These assets must be divested in such a way as to satisfy the United States in its sole discretion that they will be used by the purchaser to compete effectively and remedy the harm alleged in the Complaint in the markets for Local Private Lines and other telecommunications services that rely on Local Private Lines. In reviewing the purchaser or purchasers of the Divestiture Assets, the United States will be particularly focused on the purchaser's ability to be a viable competitor in offering Local Private Lines on both a retail and/or wholesale basis. Purchasers that are already offering similar services in or near the metropolitan area are more likely to be viable competitors than other potential purchasers.

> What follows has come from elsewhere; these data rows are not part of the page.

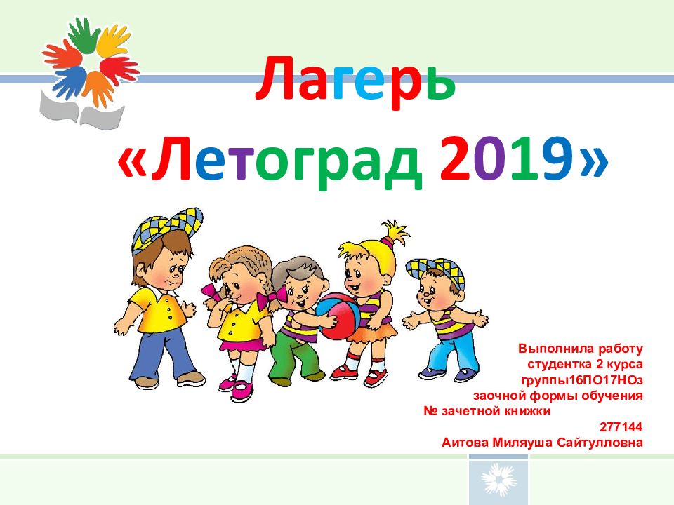 Первый слайд презентации: Ла ге р ь «Л е т оград 2 0 1 9»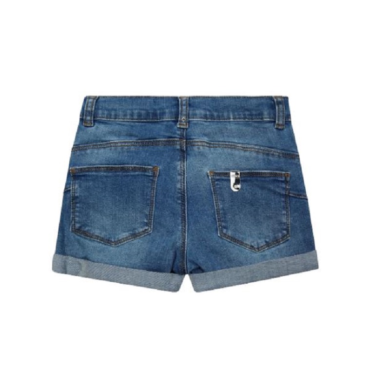 shorts in jeans con cinque tasche, coulisse interna in vita e risvolto su fondo
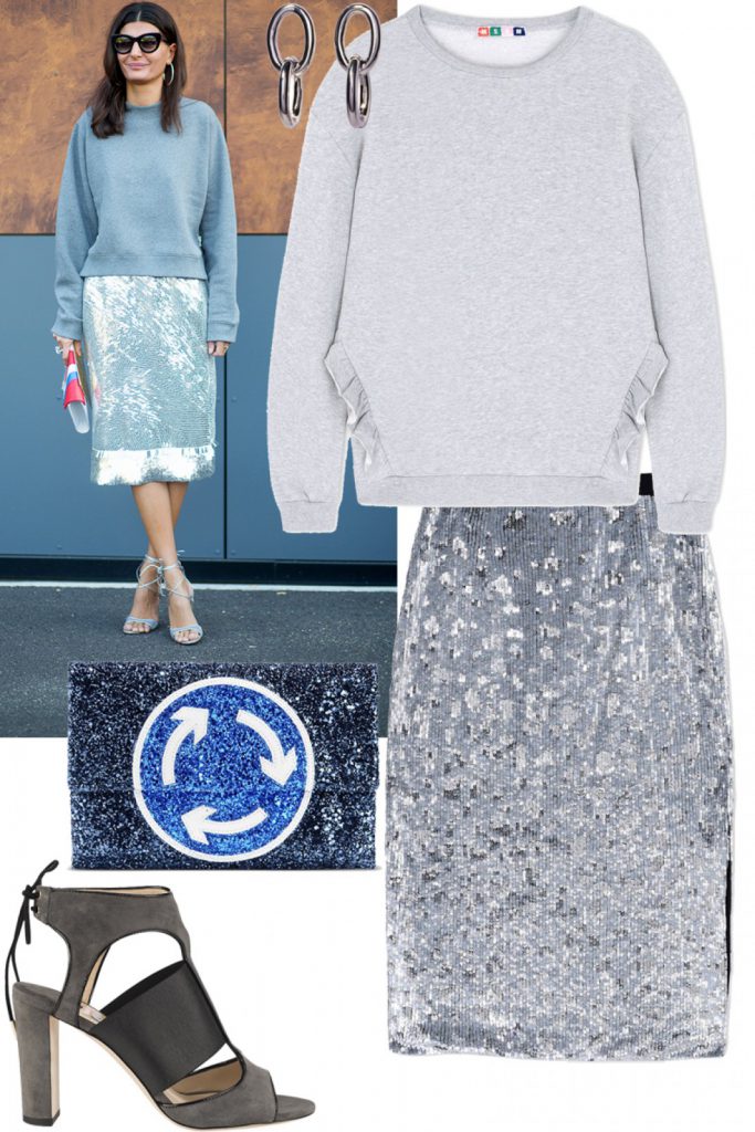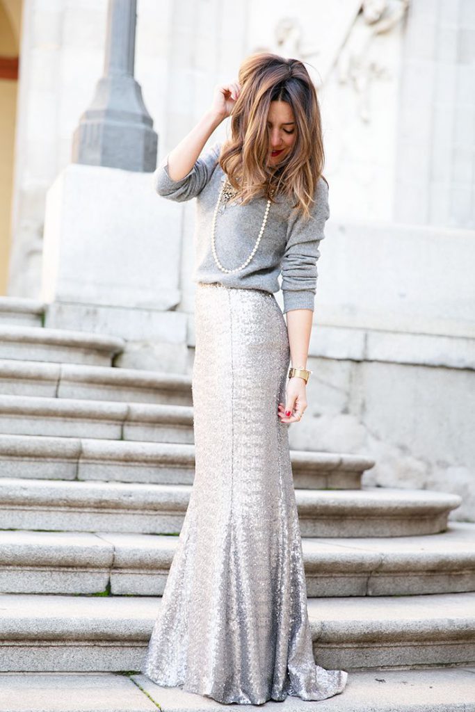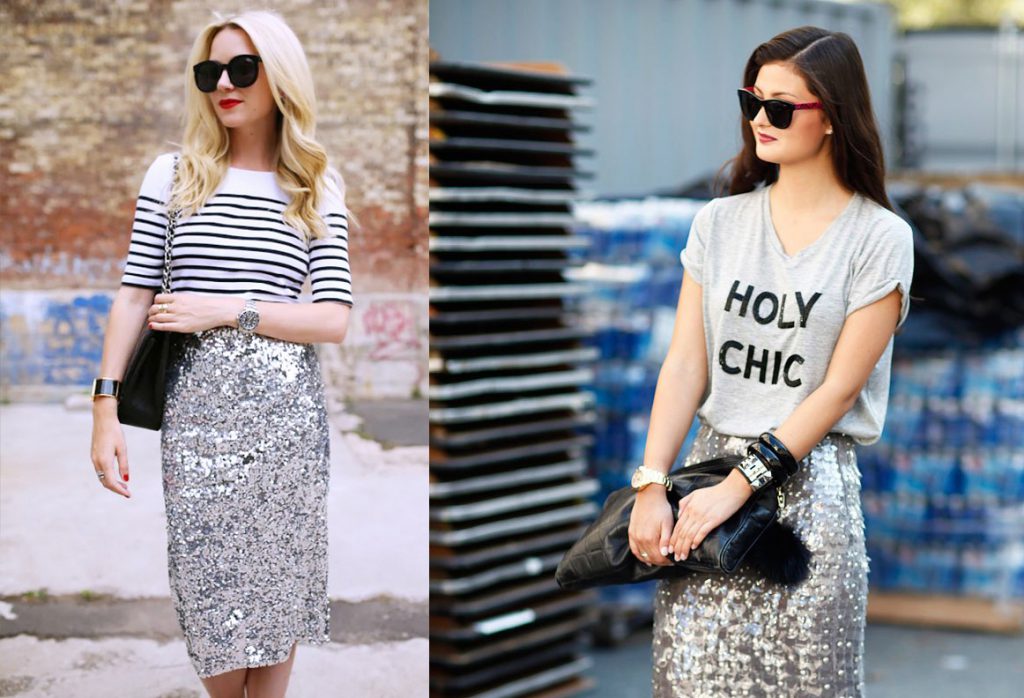 Для любителів носити футболки спідниця в паєтках стане справжньою знахідкою. Для створення зухвалого образу модної бунтарки потрібно довга чорна або сіра спідниця в підлогу і графічна футболка. Блискучий декор можна «підкріпити» за допомогою яскравого чокера або прикраси на голову. Інших аксесуарів не потрібно.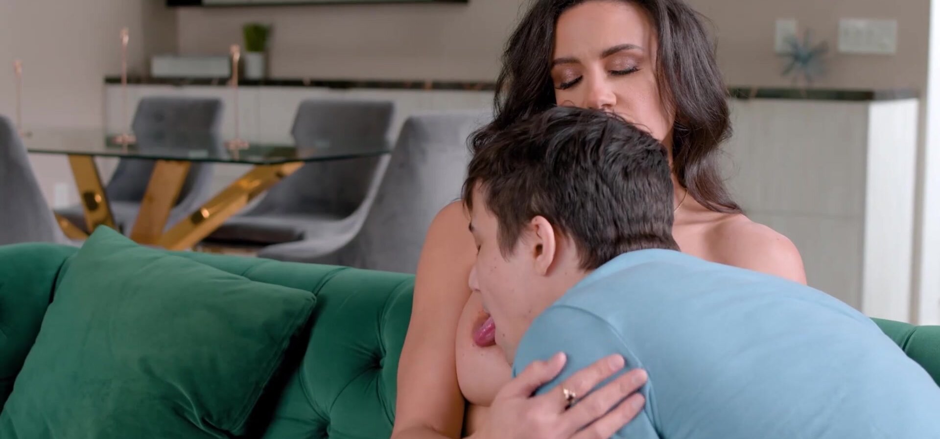 Penny’s patience runs out and she decides to teach her stepson sex herself. She rides him slow at first, then faster as he gets the hang of it. His first time ends with both of them panting.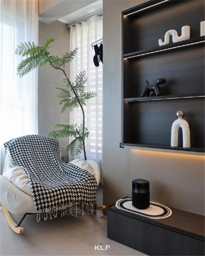 简约线条勾勒天花,稳重色块占据墙地。素雅米白、深邃黑色与质朴木色交融碰撞,朴实温厚的气息浸润空间。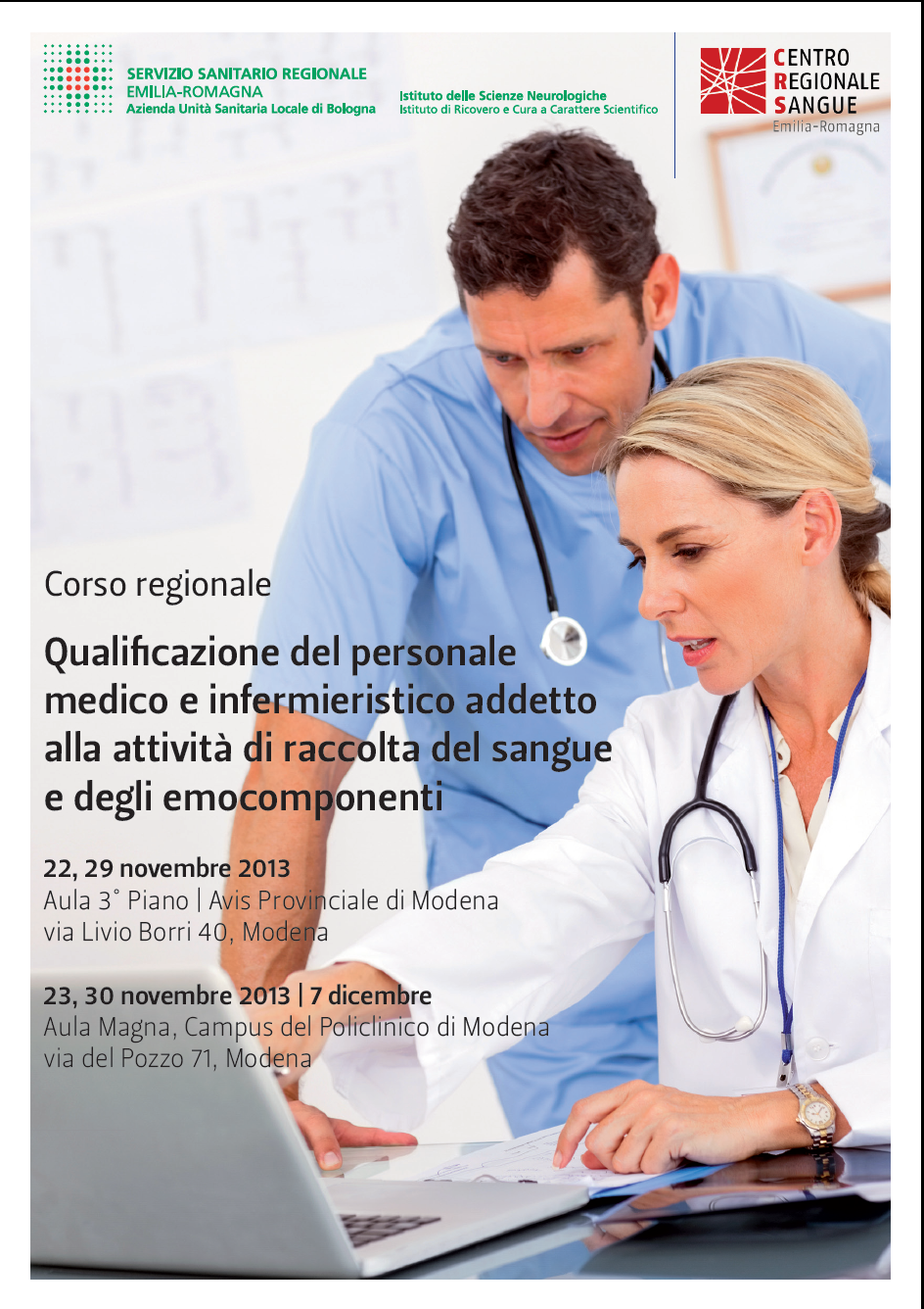 • infermieri addetti alla attività di raccolta del sangue e degli emocomponenti, tecnici in servizio presso i SIMT regionali.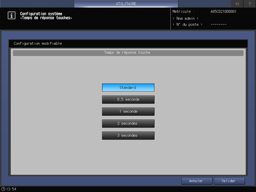 Sélectionnez l'intervalle de temps pour obtenir une réponse de la machine après avoir appuyé sur une touche ou un bouton de l'écran tactile ou du panneau de contrôle.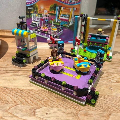 Kombiner sættet med 41127 Forlystelsespark – arkade, 41129 Forlystelsespark – hotdog-vogn og 41130 Forlystelsespark – rutsjebane for at bygge Heartlake forlystelsespark.

Divesting the last-mile connections to the hundreds of buildings in Verizon's territory will remedy the harm alleged in the Complaint. Although other CLECs have local fiber networks in each of the metropolitan areas at issue, they cover only a small percentage of buildings, and the buildings covered vary from CLEC to CLEC. As a result, there are numerous buildings where MCI is the only CLEC with a last-mile connection. It is the decreased competition in the provision of these last-mile connections to buildings where MCI is the only CLEC that creates the harm alleged in the Complaint. Whether the geographic market for the sale of Local Private Line or other telecommunications services that rely on Local Private Lines is as broad as the metropolitan area or as narrow as individual locations or buildings, divesting these last-mile connections will restore the lost facilities-based competition. The proposed Final Judgment also strengthens metropolitan area competition by divesting to a single purchaser in each area all of the buildings that were unique to MCI.
To ensure that the purchaser has adequate capacity to serve customers in a given location, the lateral or last-mile connection to be divested will consist of an IRU for the greater of (1) eight (8) fiber strands or (2) one-half of the currently unused fiber strands in MCI's facilities serving the building measured at the time of the filing of the Complaint, from the point of entry of the building to the splice point with fiber used to serve different buildings. This should be sufficient capacity for the purchaser to serve current demand and allow for future growth and changes in the local service area while allowing Verizon to retain the MCI circuits being used to serve current customers without disruption to their service. In addition, to accommodate network engineering and design requirements, the divestiture IRUs can be granted for fiber strands owned or controlled by either Verizon or MCI, as mutually agreed by Defendants and the purchaser.
Last-mile connections, however, are of little use if they are not connected to a network. Therefore, the proposed Final Judgment also requires the divestiture of IRUs for transport facilities sufficient to connect the divested last-mile connections to locations mutually agreed upon by Defendants and the purchaser. This will ensure that the purchaser can connect the last-mile connections to its network facilities and provide both Local Private Lines and any other telecommunications services that rely on Local Private Lines that a customer in the building may require.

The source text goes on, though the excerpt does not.